AWS CloudTrail is a powerful tool for monitoring account activity on your AWS account. You can use CloudTrail to see what activities are happening in your account, where they are happening, and when they are happening. You can also use CloudTrail to see who is using your AWS account and when. To use CloudTrail in your AWS account, you first need to create an Amazon Web Services Account. Then, you need to set up your environment and create a new Amazon Web Services instance. After you have created an instance and set up your environment, you can start using CloudTrail. To use CloudTrail in your AWS account, you first need to create an Amazon Web Services Account. Then, you need to set up your environment and create a new Amazon Web Services instance. After you have created an instance and set up your environment, you can start using CloudTrail. To use the following steps to get started with CloudTrail:
- Log into the Amazon Web Services console and click on the “Cloudtrails” tab at the top of the screen. This will take you to the “Cloudtrails” page of your new Amazon Web Services instance.
- On the “Cloudtrails” page of your new Amazon Web Services instance, click on “Create Account.” This will take you to the “Account Settings” page of your new Amazon Web Services instance. On this page, enter a name for your new AWS cloudtrail account and click on “Create.”
- On the “Account Settings” page of your new Amazon Web Services instance, enter a description for your cloudtrail account and click on “Create.” The description for your cloudtraillaccount should include information about how to use CloudTrail in order to monitor account activity on Your AWS account. For more information about how to use Cloud Trailing in Your AWS Account please see our article How To UseAWS
CloudTrail is an auditing, compliance monitoring, and governance tool designed to watch over your AWS account history and to keep detailed logs of all events. You can use this event history to simplify security analysis and to detect unusual activity in your account.
Using CloudTrail
You can use CloudTrail to monitor the last 90 days free of charge. However, if you want to keep extended logs, you need to pay for the associated S3 storage as well as a small fee per 100,000 events logged. Still, it’s relatively cheap, and it doesn’t hurt to get started with it.
CloudTrail automatically logs the last 90 days, so you’ll be able to head over to the CloudTrail Console and view the latest logs in your account. On the home screen, you’ll see the most recent events:
Under “Event History” in the sidebar, you’ll be able to view the full list of events, in chronological order.
This is a lot of data, so you’ll probably want to filter for just whatever you’re looking for. If you’re auditing specific employee accounts, you can filter by username or AWS access key, or other factors such as source IP address and resource types. You can also focus in on specific time ranges.
If you click on an event, you can view all the data collected for that event. Some are simple, like “ConsoleLogin,” which tracks login times for different users.
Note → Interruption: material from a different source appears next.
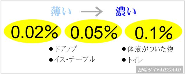 ※「新型コロナ対策」として厚生労働省は0.05%と0.1%を推奨しています。

Others are more specific, and will show more details about the underlying API action.
You can view the full JSON data for the event with the “View Event” button.
Creating a Trail
If you want to keep records for longer than 90 days, or keep extended logs for S3 and Lambda data events, you can create a Trail. Keep in mind that you will incur data charges for S3 log storage, as well as charges per 100,000 logged events.
From “Trails” in the sidebar, create a new trail. You have the option of using this trail for every region, as well as applying it to every account in an AWS Organization. You can also select which kinds of events to log, as well as enabling CloudTrail Insights for this trail.
The next section is “Data Events,” which can be used to keep extended logs on S3 buckets or Lambda functions. For S3, CloudTrail will log bucket-level operations, such as PutObject. For Lambda, CloudTrail will log any invocation of the given Lambda function. You can enable this for all buckets, or specify one by ARN.
Finally, you’ll need a new or existing bucket in which to keep the events. You can use this to keep track of how much data your trail is using.
Events logged by the trail will remain in the event history indefinitely. With a trail, you can activate CloudTrail Insights from the “Insights” tab in the sidebar:
This will take up to 36 hours to analyze your trail, and once it’s done, you’ll be able to browse through the findings.
If you want, you can also set up CloudTrail to send events to CloudWatch Logs, or use it with Elasticsearch for more detailed monitoring.